# Alice Sabatini è Miss Italia 2015. Foto e Video.



## Blu71 (21 Settembre 2015)

Miss Italia 2015 è stata eletta la concorrente n. 5 Alice Sabatini di 18 anni. Ha partecipato alla finale con il titolo di Miss Lazio.

Ecco alcune foto di Alice Sabatini.


----------



## admin (21 Settembre 2015)

Blu71 ha scritto:


> Miss Italia 2015 è stata eletta la concorrente n. 5 Alice Sabatini di 18 anni. Ha partecipato alla finale con il titolo di Miss Lazio.




Ho aggiunto qualche foto.

Niente di che. In giro se ne incontrano di molto più gnocche. Ma molto molto molto molto molto di più.


----------



## Blu71 (21 Settembre 2015)

Admin ha scritto:


> Ho aggiunto qualche foto.
> 
> Niente di che. In giro se ne incontrano di molto più gnocche. Ma molto molto molto molto molto di più.



È vero, io personalmente avrei scelto la n. 10.


----------



## Blu71 (21 Settembre 2015)




----------



## admin (21 Settembre 2015)

E' un pò la versione trash di Roberta Giarrusso (gran topa)


----------



## Milo (21 Settembre 2015)

Posso dire che non mi piace per niente???


----------



## Snake (21 Settembre 2015)

pollice giù


----------



## MissRossonera (21 Settembre 2015)

Blu71 ha scritto:


> Miss Italia 2015 è stata eletta la concorrente n. 5 Alice Sabatini di 18 anni. Ha partecipato alla finale con il titolo di Miss Lazio.
> 
> Ecco alcune foto di Alice Sabatini.



Non ho visto il programma, ma a giudicare da foto e video visti qui e in giro le altre due finaliste mi sembrano già un po' meglio. Lei ragazza carina ma normalissima. Ormai raramente Miss Italia è veramente bella.
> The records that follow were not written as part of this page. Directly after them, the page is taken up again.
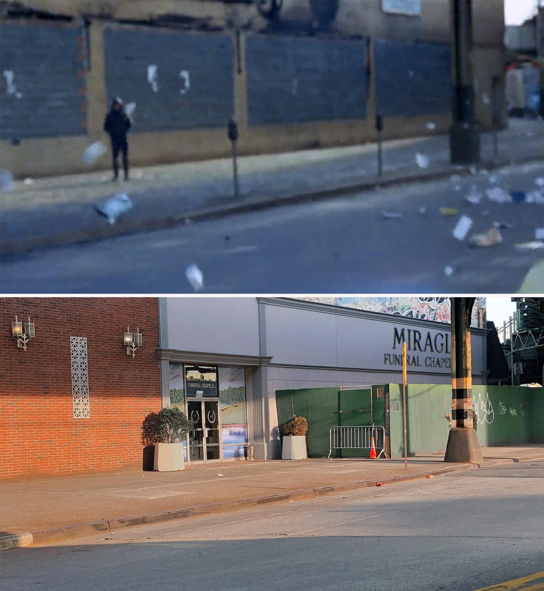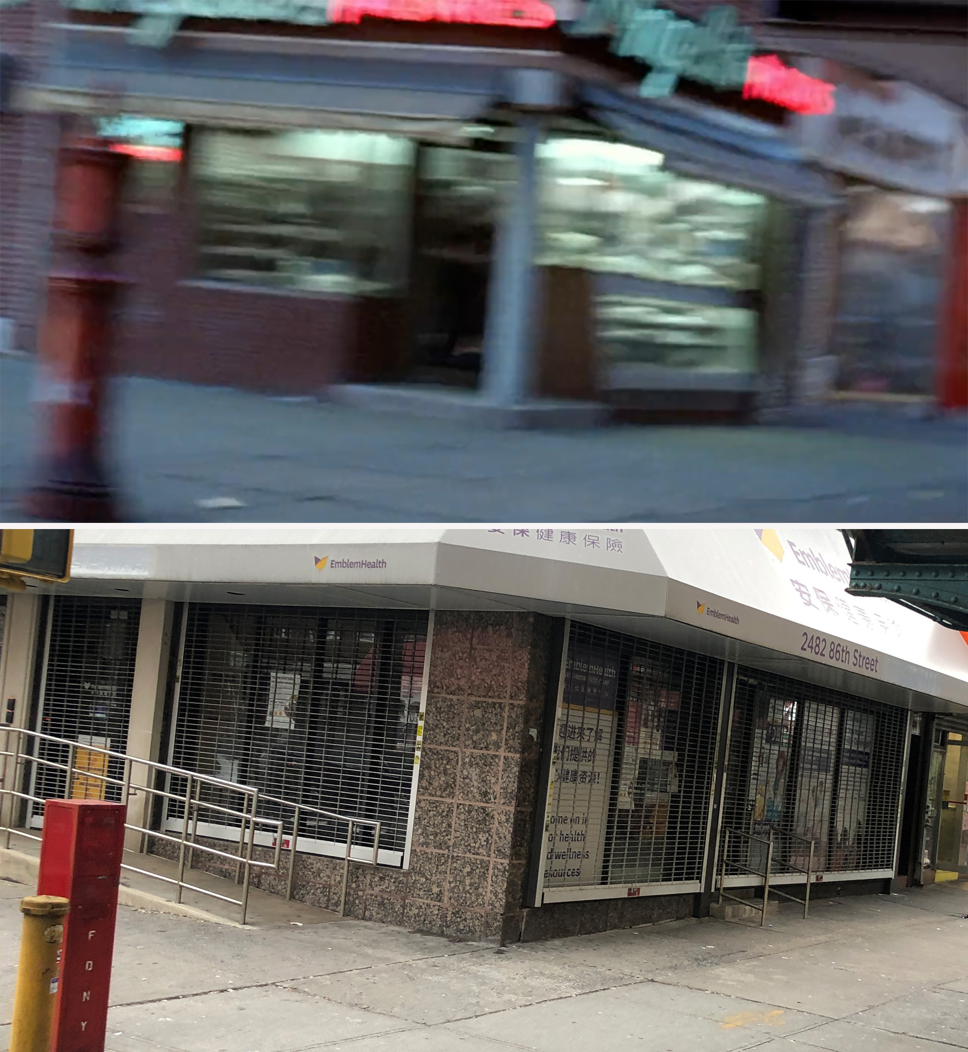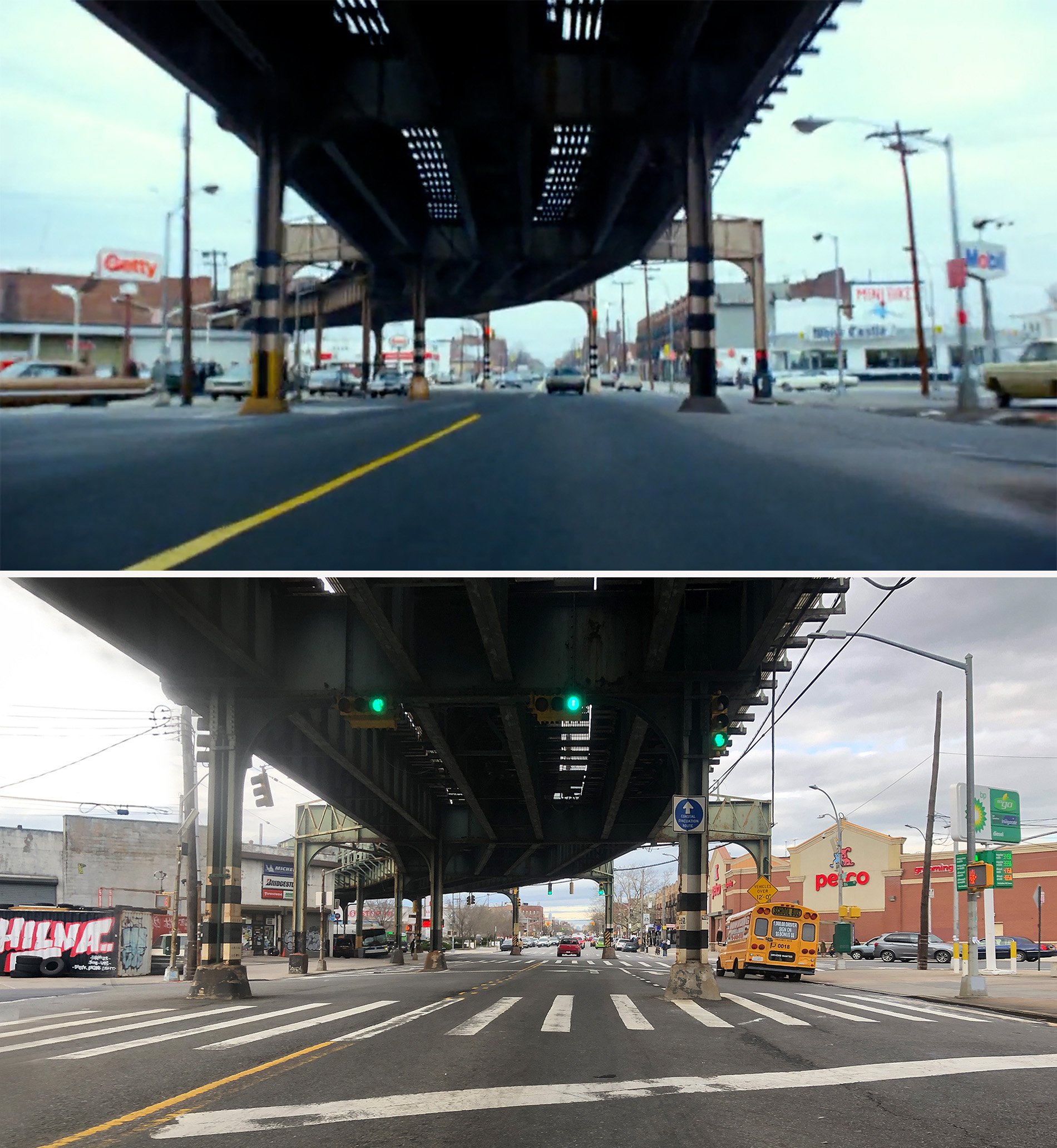 Finding all the specific spots in Brooklyn was fairly straightforward since they were all located in between the starting and ending points. I simply traveled up and down the route in Google Street View, searching for matching structures. It was a little time-consuming, but overall, a fairly painless process, thanks in large part to the fact that this section of Brooklyn hasn’t changed a whole lot over the decades.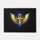 Golden Egyptian ankh with patterned, shiny wings on a black background. Magic symbol.
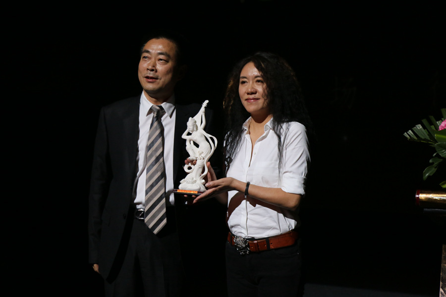 Director Wang Chaoge (right) is named "Honorary Citizen of Dunhuang" at a news conference marking the one-year anniversary of drama, Encore Dunhuang, Sept 18, 2017. [Photo provided to chinadaily.com.cn]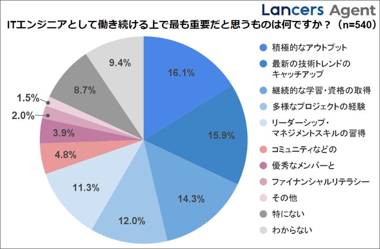 「ITエンジニアとして働き続ける上で最も重要だと思うもの」として、「積極的なアウトプット(16.1%)」「最新技術のキャッチアップ(15.9%)」「継続的な学習・資格の取得(14.3%)」が上位3つに挙がった。これらの項目はいずれも技術を取得して高い成果を出すために重要であり、スキルアップに対する高い意識が見受けられる。
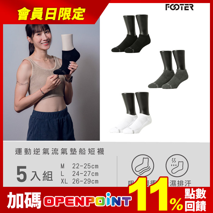 單色運動逆氣流氣墊船短襪(T31)-5入組除臭x透氣x抗菌原價$1400特價$899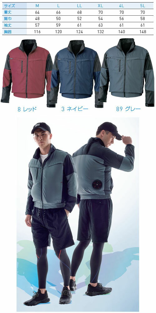 仕様カラー:レッドサイズ:XL着丈(cm):70肩巾(cm):54袖丈(cm):63胸囲(cm):132材質ドビー(ポリエステル100%)※一時的な撥水機能を備えた、空調風神服最薄・軽量素材です。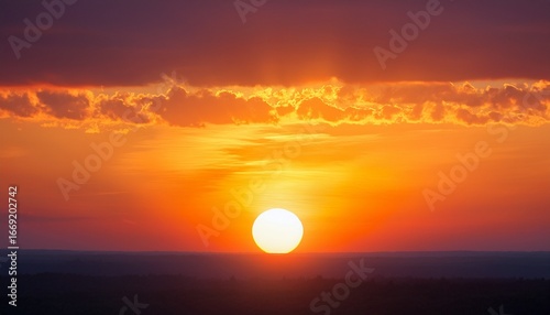 © Mikael, Obraz premium a beautiful sunset with a large sun in the sky
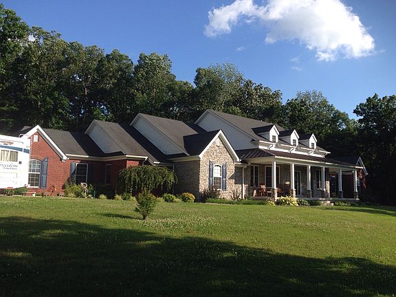 Spectacular Custom built home located on the edge of Historic Bardstown Ky. Much thought was given to the long tree lined driveway approaching the beautiful 2,915 sq ft brick & stone home sitting on 9.34 acres of total privacy. Upon entering the home through the gracious foyer you notice the attention to detail & fine finishes. This home has a desirable floor plan with gorgeous hardwood, tile, & carpet throughout. The spacious living room features a beautiful stone fireplace. The dream kitchen boasts an abundance of cabinetry with a bar & range/stove, dishwasher, refrigerator & microwave remaining. The sunny dining area has plenty of light & several windows. As a bonus, there is an office/library off the kitchen. The master suite is a wonderful retreat with sitting area & bath featuring
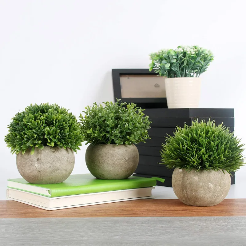 DescriptionИскусственный растительный круглый травяной набор из 3 с серым горшком 9.5х13 см поддельные растения Цветок Трава День Рождения Вечеринка домашний офисный стол Декор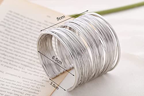 Joeyan Braccialetto Multistrato Aperto Largo Argento Donne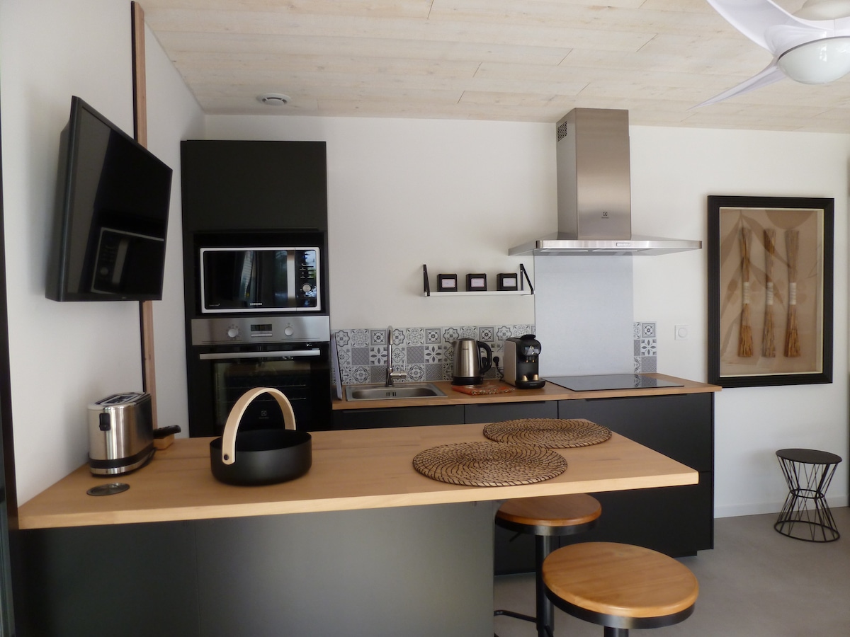 ✨Priuštite sebi opuštajući odmor za dvoje u ovoj modernoj kući, koja se nalazi na selu. Dizajniran za odmor za parove, smještaj objedinjuje mir, udobnost i eleganciju. Svijetla soba ima veliki prozor s neometanim pogledom na prostrano polje, koji vas poziva da se isključite čim se probudite. Za trenutak apsolutnog opuštanja, možete uživati u spa kupki, idealnoj za opuštanje nakon dana provedenog u otkrivanju ili jednostavno uživati u trenutku blagostanja za dvoje.
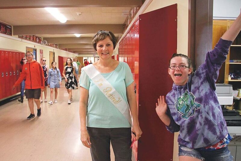 Sweet Home Junior High secretary Toy Royer, center, celebrates her last school day on the job, here with student Taryn Abbott, right. Royer retired in June after 30 years on the job.
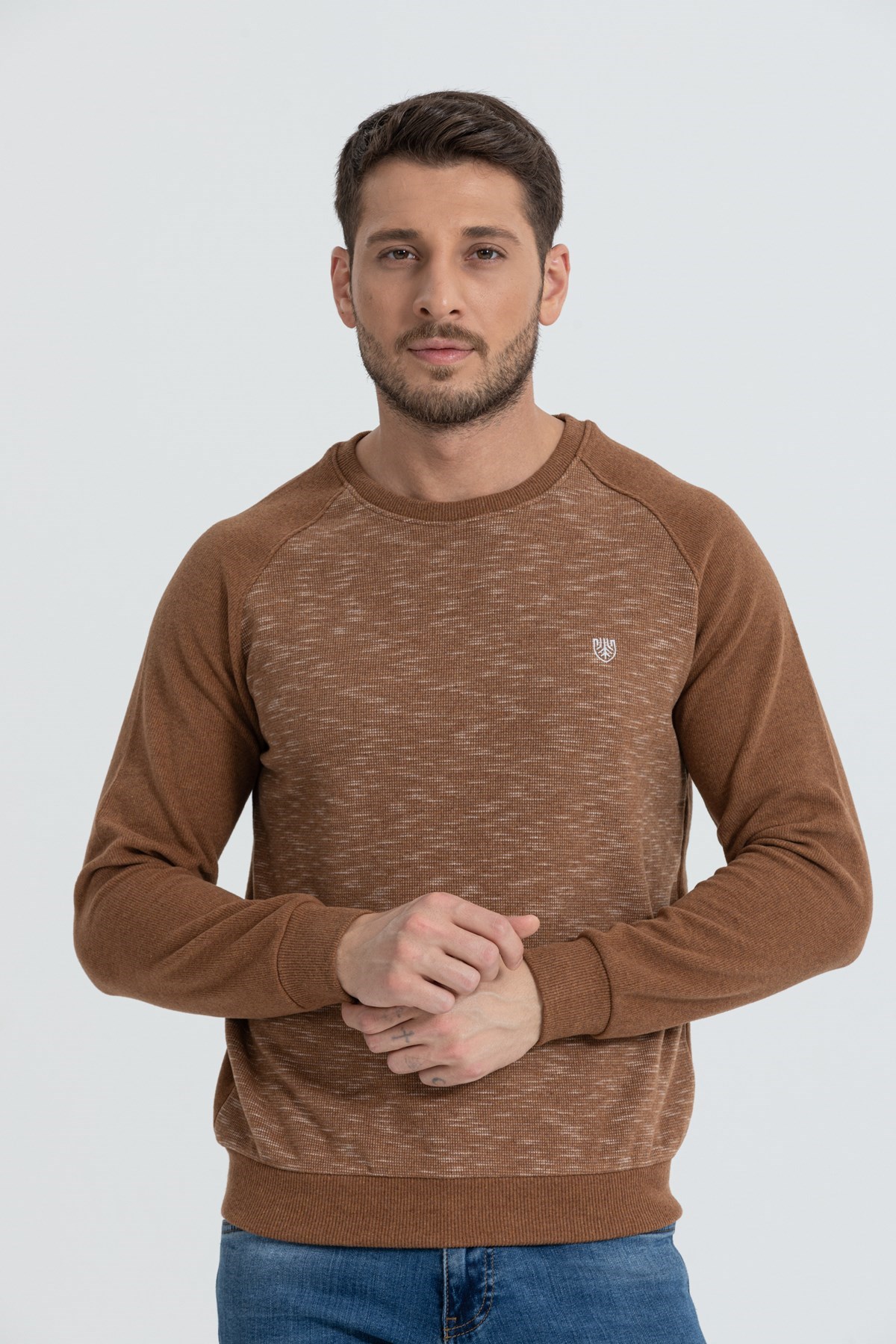 503-Kamel(M-L-XL-XXL) Desenli Uzun Kollu Sweatshirt Kamel. Yetişkin, standart kumaş örme,pamuk-polyester smart- office, günlük, menswear, geri dönüştürülmüş metaryal. Stüdyo Çekimlerinde Renkler Işık Farklılığından Dolayı Değişiklik Gösterebilir.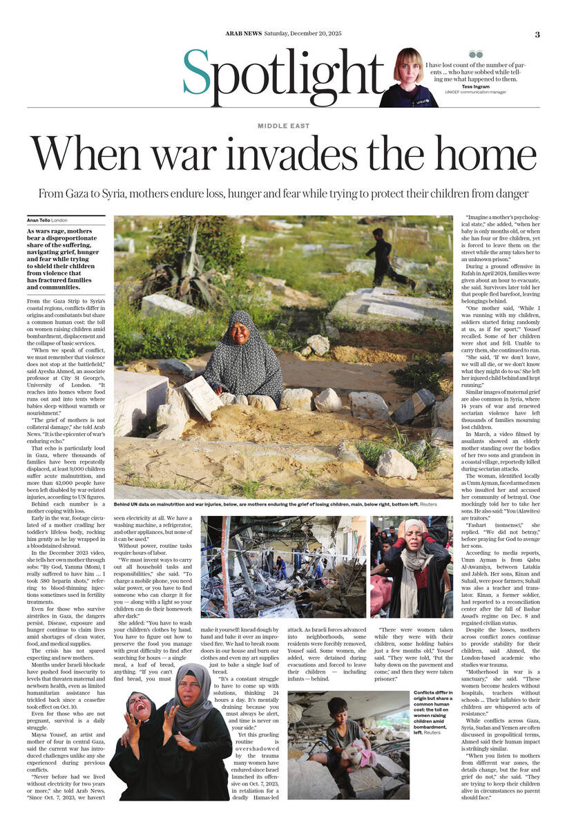 “The grief of mothers is not collateral damage,” she told Arab News. “It is the epicenter of war’s enduring echo.”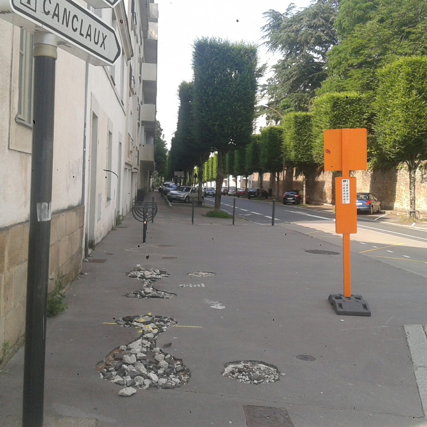 À la faveur de notre enquête sur l’état des voiries à Nantes – dont le premier volet est sorti pour le quartier des bords de la Chézine et de Grillaud – nous avons constaté encore que les abribus de la place Mellinet n’étaient matérialisés que par des poteaux provisoires orange. Idem pour le terminus du C5 à gare sud d’ailleurs. Et pour bien d’autres arrêts. Les commandos de choc de JcDecaux peinent toujours à remplacer les 960 abribus du marché dont 591 sur Nantes.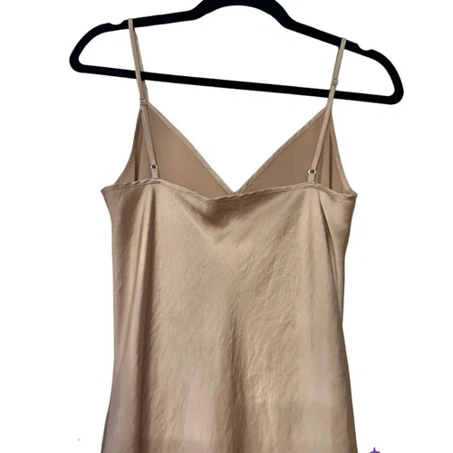 Lingerie dressing isn’t going anywhere except to dinner. This is a classic V-neck slip dress with adjustable straps and a bias cut. It’s made from a drapery satin that is lightweight. Used a handful of times in excellent overall condition. One thread pull in fabric on the front is barely noticeable, which I have included an up-close image of. Fit: Classic, follows your contours with a little room. Length: Midi — intended to hit between knee and low calf. Material: 100% Polyester with a glossy look and feel. Measurements: Bust - 34” (around), Waist - 26”, Hips - 36”.

Però per il resto mi rimetto al giudizio degli uomini,deve piacere a voi,alla fine.
Campanilisticamente mi spiace pure un po' che si sia infranta la tradizione degli ultimi anni di fare vincere una siciliana.


----------



## Toby rosso nero (21 Settembre 2015)

Un po' drasticamente direi una delle peggiori di sempre.


----------



## Shevchenko (21 Settembre 2015)

Mi prendono per il sedere? Mi ribello. Andrò in piazza coi forconi, spaccherò tutto. Non si può! Con tutte le gnocche che ci sono in Italia mi pigliano questa che è semplicemente da "un paio di botte e via"? No cosi non va. La gnocca è importante ragazzi. Voglio una rivoluzione. Buuuuuuuuuuuuuuuuuuu maledetti.


----------



## DannySa (21 Settembre 2015)

Di faccia niente di che, ragazza normale, se tu vai a Miss Italia con un taglio di capelli così (corti) o hai un viso magnificamente stupendo altrimenti è raccomandatissima, il viso non mi pare da gran topa e le altre non le ho viste ma mi ci gioco tutto che sono sicuramente molto meglio.
C'è di meglio, ma basterebbe andare in giro una mattinata per trovarne una più carina di viso di questa.


----------



## smallball (21 Settembre 2015)

una delle peggiori di sempre,nulla di che


----------



## angelo_o_diavolo (21 Settembre 2015)

Mah, solo nel mio condominio ce ne saranno un paio meglio di questa.


----------



## Super_Lollo (21 Settembre 2015)

ma ancora qualcuno crede che miss italia sia " eletta " dalla gente ?? 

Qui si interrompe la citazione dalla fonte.